A Beeswarm Plot (also called a Swarm Plot) is a powerful visualization used to display the distribution of data points across different categories. Unlike a simple scatter plot, a beeswarm plot adjusts the position of points so they don’t overlap, making it easier to see how data is spread within each category.
In this example, we use the Iris dataset to visualize how petal length varies across different flower species.

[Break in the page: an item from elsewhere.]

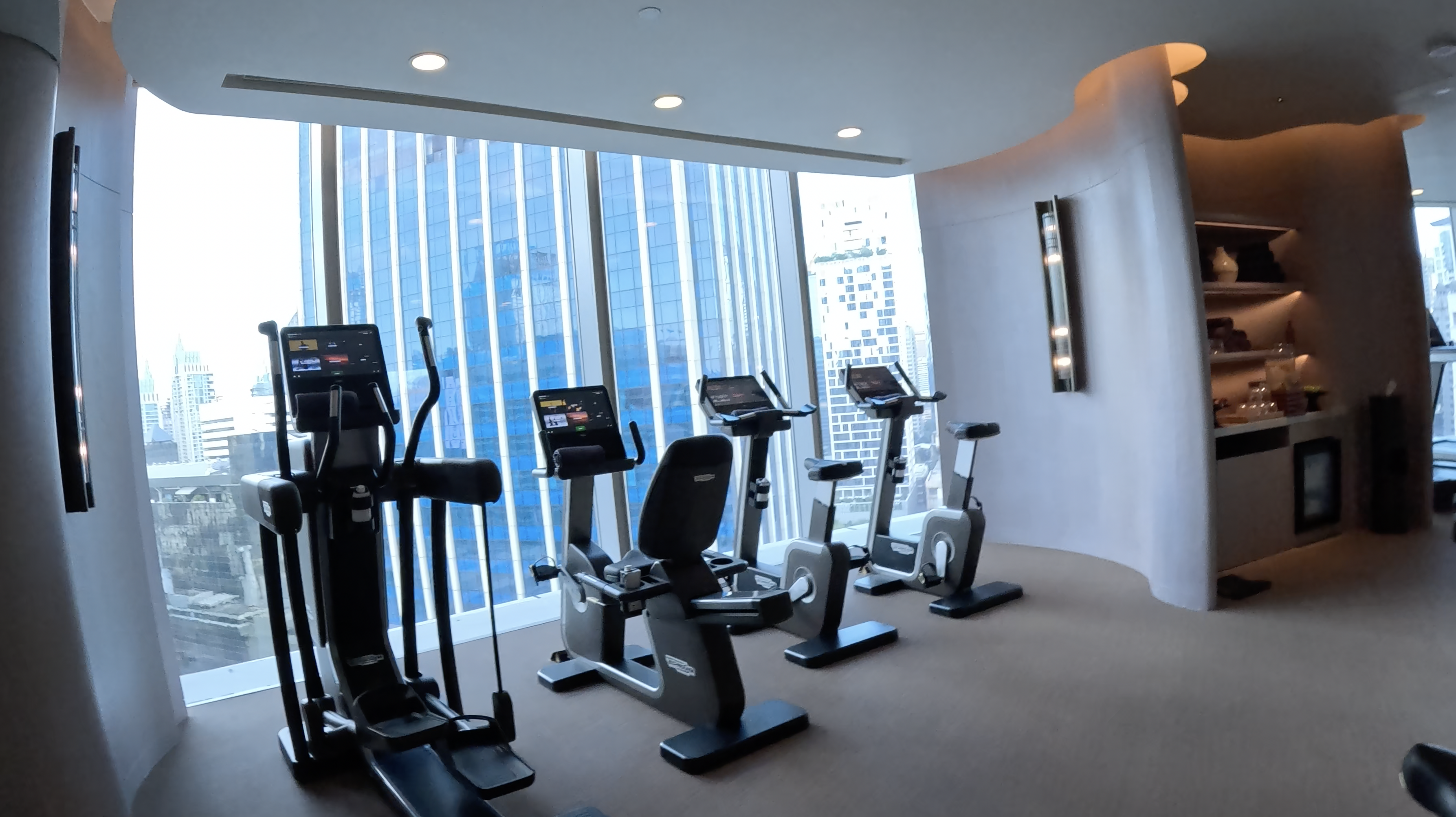 우리 부부는 호텔에서 아침에 운동을 하는 걸 좋아하는데 주로 조식을 먹기 전 짐에 방문해 운동을 한다. 월도프 헬스장은 테크노 짐의 케이블로 된 운동 기구가 있고, 그 반대편의 바벨들이 있어 바벨 운동들도 가능하다. 하지만 바벨이 얼마 없기도 하고 장소가 아주 협소한데 한 두 명 들어가면 더 이상 들어갈 수 없는 정도의 크기였다.

🔹 Why Use a Beeswarm Plot?
Beeswarm plots are useful when you want to:
-
Show individual data points
-
Understand the distribution of values
-
Compare multiple categories
-
Avoid overlapping points like in regular scatter plots
They are commonly used in data analysis, exploratory data science, and statistical visualization.
📊 Dataset Used
We are using the Iris dataset, one of the most popular datasets in machine learning and statistics.
The dataset contains measurements of iris flowers including:
-
Sepal Length
-
Sepal Width
-
Petal Length
-
Petal Width
-
Species
The three species are:
-
Setosa
-
Versicolor
-
Virginica
In this visualization, we compare petal length across these species.
🧠 Python Code
import seaborn as sns
import matplotlib.pyplot as plt
from sklearn.datasets import load_iris
import pandas as pd
# Load dataset
iris = load_iris()
# Create dataframe
df = pd.DataFrame(iris.data, columns=iris.feature_names)
df["Species"] = iris.target_names[iris.target]
# Create Beeswarm Plot
plt.figure(figsize=(8,5))
sns.swarmplot(data=df, x="Species", y="petal length (cm)")
# Title
plt.title("Beeswarm Plot: Petal Length by Species")
plt.tight_layout()
plt.show()
🔍 Code Explanation
1️⃣ Import Libraries
We import the required libraries:
-
Seaborn → for statistical visualizations
-
Matplotlib → for plotting
-
Scikit-learn → to load the Iris dataset
-
Pandas → for data manipulation
2️⃣ Load the Dataset
iris = load_iris()
This loads the iris dataset from scikit-learn.
3️⃣ Create a DataFrame
df = pd.DataFrame(iris.data, columns=iris.feature_names)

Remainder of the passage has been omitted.